The forward transform computes a complex array~$Y$, whose
structure is the same as that of~$X$, defined by
$$
Y[k_1, k_2, \ldots, k_d] =
\sum_{j_1 = 0}^{n_1 - 1}
\sum_{j_2 = 0}^{n_2 - 1}
\cdots
\sum_{j_d = 0}^{n_d - 1}
X[j_1, j_2, \ldots, j_d]
\omega_1^{-j_1 k_1}
\omega_2^{-j_2 k_2}
\cdots
\omega_d^{-j_d k_d} \ .
$$
The backward transform computes
$$
Y[k_1, k_2, \ldots, k_d] =
\sum_{j_1 = 0}^{n_1 - 1}
\sum_{j_2 = 0}^{n_2 - 1}
\cdots
\sum_{j_d = 0}^{n_d - 1}
X[j_1, j_2, \ldots, j_d]
\omega_1^{j_1 k_1}
\omega_2^{j_2 k_2}
\cdots
\omega_d^{j_d k_d} \ .
$$
Computing the forward transform followed by the backward transform
will multiply the array by $\prod_{s=1}^{d} n_d$.
@end tex
@cindex r2c
The definition of FFTW's multi-dimensional DFT of real data (r2c)
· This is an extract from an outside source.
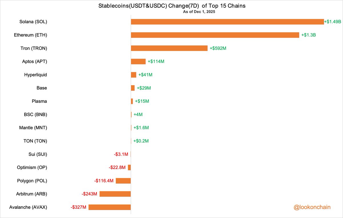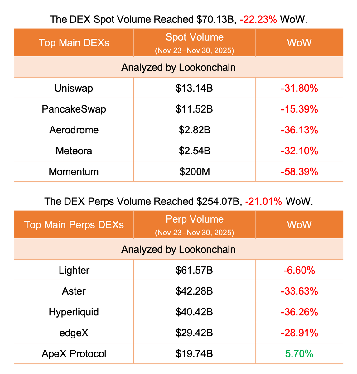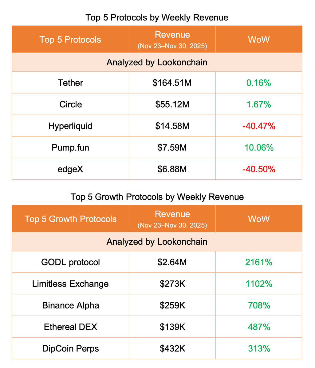 Nov 24–Nov 30, 2025 #LookonchainWeeklyReport The crypto market weakened this week, with major assets down and trading activity cooling across both spot and perp markets. Stablecoin flows and institutional accumulation remained steady despite the overall decline. 🟢 Stablecoin Market The total stablecoin market cap increased by $3.26B. 🟢 Spot & Perps Trading Volume on DEXs 🟢 Protocol Revenue 🟢 Last week, a total of 9 public companies increased their holdings by 734.41 BTC ($62.2M). 🟢 Institutional/Whale Activity Tom Lee(@fundstrat)'s #Bitmine bought 96,798 $ETH($273M) last week and currently holds 3,726,499 $ETH($11.52B). https://t.co/PoiY9Fqb5G Arthur Hayes bought 4.89M $ENA($1.37M), 436,000 $PENDLE($1.13M), and 696,000 $ETHFI($543K). https://t.co/YaUtgluK9B An #Ethereum ICO participant sold 20,000 $ETH($58.14M). https://t.co/YIrG3vIbfo

deserves special attention. In this case, we logically compute the full
multi-dimensional DFT of the input data; since the input data are purely
real, the output data have the Hermitian symmetry and therefore only one
non-redundant half need be stored. More specifically, for an @ndims multi-dimensional real-input DFT, the full (logical) complex output array
@tex
$Y[k_0, k_1, \ldots, k_{d-1}]$
@end tex
@html
<i>Y</i>[<i>k</i><sub>0</sub>, <i>k</i><sub>1</sub>, ...,
<i>k</i><sub><i>d-1</i></sub>]
@end html
@ifinfo
Y[k[0], k[1], ..., k[d-1]]
@end ifinfo
has the symmetry:
@tex
$$
Y[k_0, k_1, \ldots, k_{d-1}] = Y[n_0 - k_0, n_1 - k_1, \ldots, n_{d-1} - k_{d-1}]^*
$$
@end tex
@html
<i>Y</i>[<i>k</i><sub>0</sub>, <i>k</i><sub>1</sub>, ...,
<i>k</i><sub><i>d-1</i></sub>] = <i>Y</i>[<i>n</i><sub>0</sub> -
<i>k</i><sub>0</sub>, <i>n</i><sub>1</sub> - <i>k</i><sub>1</sub>, ...,
<i>n</i><sub><i>d-1</i></sub> - <i>k</i><sub><i>d-1</i></sub>]<sup>*</sup>
@end html
@ifinfo
Y[k[0], k[1], ..., k[d-1]] = Y[n[0] - k[0], n[1] - k[1], ..., n[d-1] - k[d-1]]*
@end ifinfo
(where each dimension is periodic). Because of this symmetry, we only
store the
@tex
$k_{d-1} = 0 \cdots n_{d-1}/2$
@end tex
@html
<i>k</i><sub><i>d-1</i></sub> = 0...<i>n</i><sub><i>d-1</i></sub>/2+1
@end html
@ifinfo
k[d-1] = 0...n[d-1]/2
@end ifinfo
elements of the @emph{last} dimension (division by @math{2} is rounded
down). (We could instead have cut any other dimension in half, but the
last dimension proved computationally convenient.) This results in the
peculiar array format described in more detail by @ref{Real-data DFT
Array Format}.
The multi-dimensional c2r transform is simply the unnormalized inverse
of the r2c transform. i.e. it is the same as FFTW's complex backward
multi-dimensional DFT, operating on a Hermitian input array in the
peculiar format mentioned above and outputting a real array (since the
DFT output is purely real).
We should remind the user that the separable product of 1d transforms
along each dimension, as computed by FFTW, is not always the same thing
as the usual multi-dimensional transform. A multi-dimensional
@code{R2HC} (or @code{HC2R}) transform is not identical to the
multi-dimensional DFT, requiring some post-processing to combine the
requisite real and imaginary parts, as was described in @ref{The
Halfcomplex-format DFT}. Likewise, FFTW's multidimensional
@code{FFTW_DHT} r2r transform is not the same thing as the logical
multi-dimensional discrete Hartley transform defined in the literature,
as discussed in @ref{The Discrete Hartley Transform}.